▶

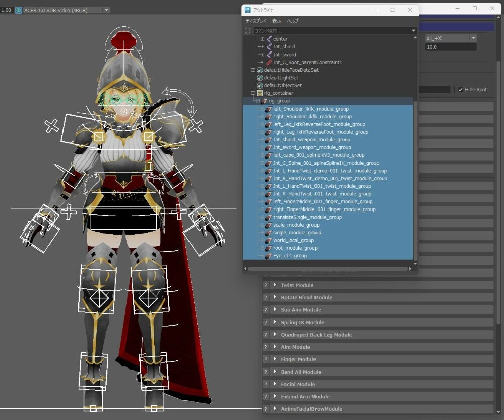▲生成したリグはコンテナ化可能で、設定時のモジュールごとにグループ分けされてコンテナ内に格納される。この際、コントローラを選ぶ上で不要なノード(コンストレインなど)は非表示になる -
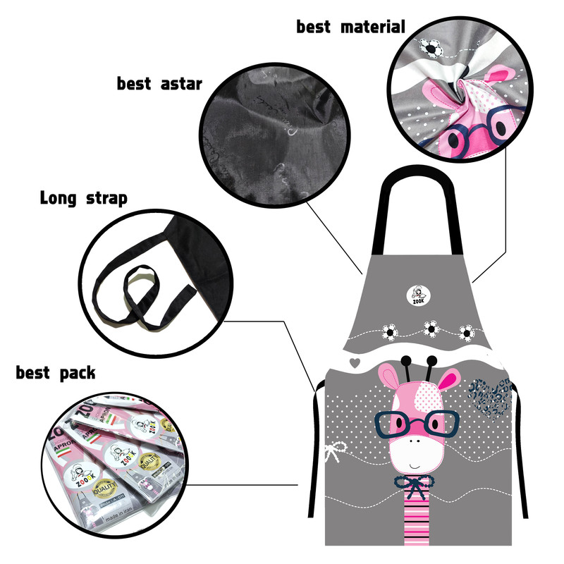 دارای بسته بندی قلابدار و قابل باز و بست شدن با دکمه رنگ ثابت و کاملا قابل شستشو دارای 2 بند بلند قابل گره زدن در پشت دارای بند گردنی بسیار لطیف دارای آستر ضد آب
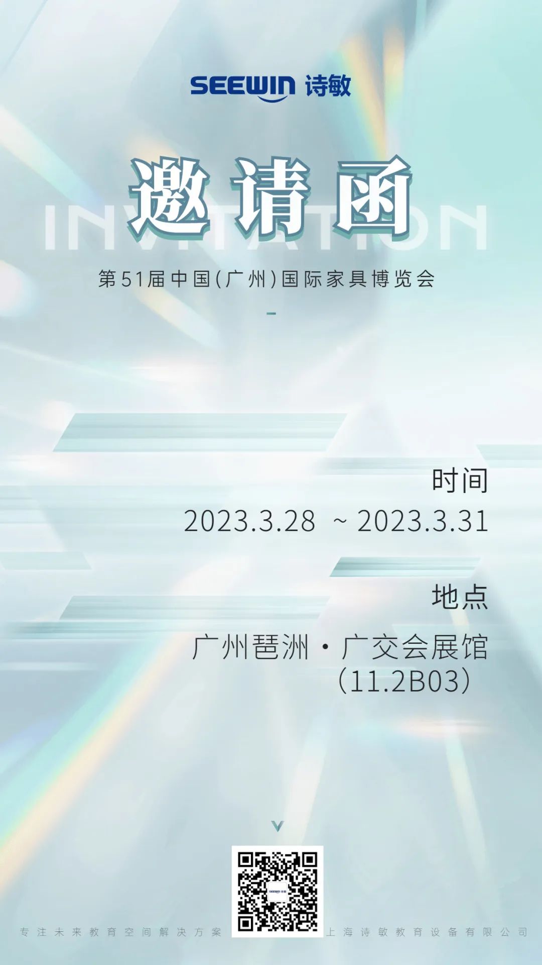 2019下半年以來,SEEWIN詩敏在上海、青島、重慶等地陸續參展,以優質創新的學校家具產品和創意獨到的學校教育空間規劃,在學校家具及教育裝備行業都引起了不俗的反響。2023年,SEEWIN詩敏還將繼續參加4月重慶高教展、南昌教育裝備展等,敬請期待。
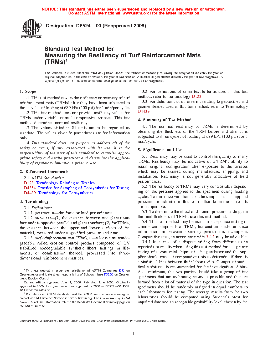 1.2 This test method does not provide resiliency values for TRMs under variable normal compressive stresses. This test method determines nominal resiliency.
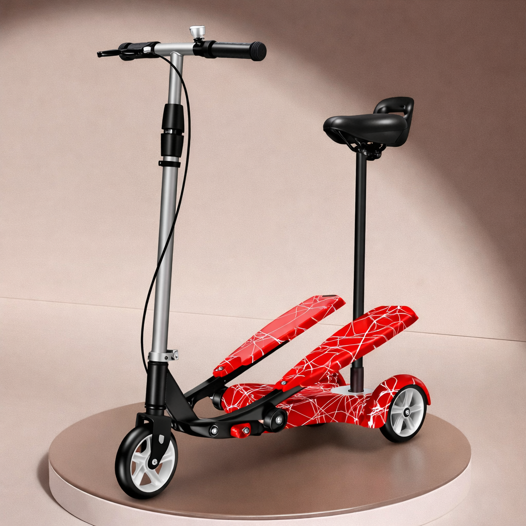 Триколісний самокат-твістер з сидінням / Триколісний дитячий самокат з подвійними ножними платформами та регулюванням висоти Павук

◀

* [ASSIGNMENT] Produce an exact reprint of the entries, dropping the images.

* [EXPECTED ANSWER]
▲生成したリグはコンテナ化可能で、設定時のモジュールごとにグループ分けされてコンテナ内に格納される。この際、コントローラを選ぶ上で不要なノード(コンストレインなど)は非表示になる -
 دارای بسته بندی قلابدار و قابل باز و بست شدن با دکمه رنگ ثابت و کاملا قابل شستشو دارای 2 بند بلند قابل گره زدن در پشت دارای بند گردنی بسیار لطیف دارای آستر ضد آب
 2019下半年以來,SEEWIN詩敏在上海、青島、重慶等地陸續參展,以優質創新的學校家具產品和創意獨到的學校教育空間規劃,在學校家具及教育裝備行業都引起了不俗的反響。2023年,SEEWIN詩敏還將繼續參加4月重慶高教展、南昌教育裝備展等,敬請期待。
 1.2 This test method does not provide resiliency values for TRMs under variable normal compressive stresses. This test method determines nominal resiliency.
 Триколісний самокат-твістер з сидінням / Триколісний дитячий самокат з подвійними ножними платформами та регулюванням висоти Павук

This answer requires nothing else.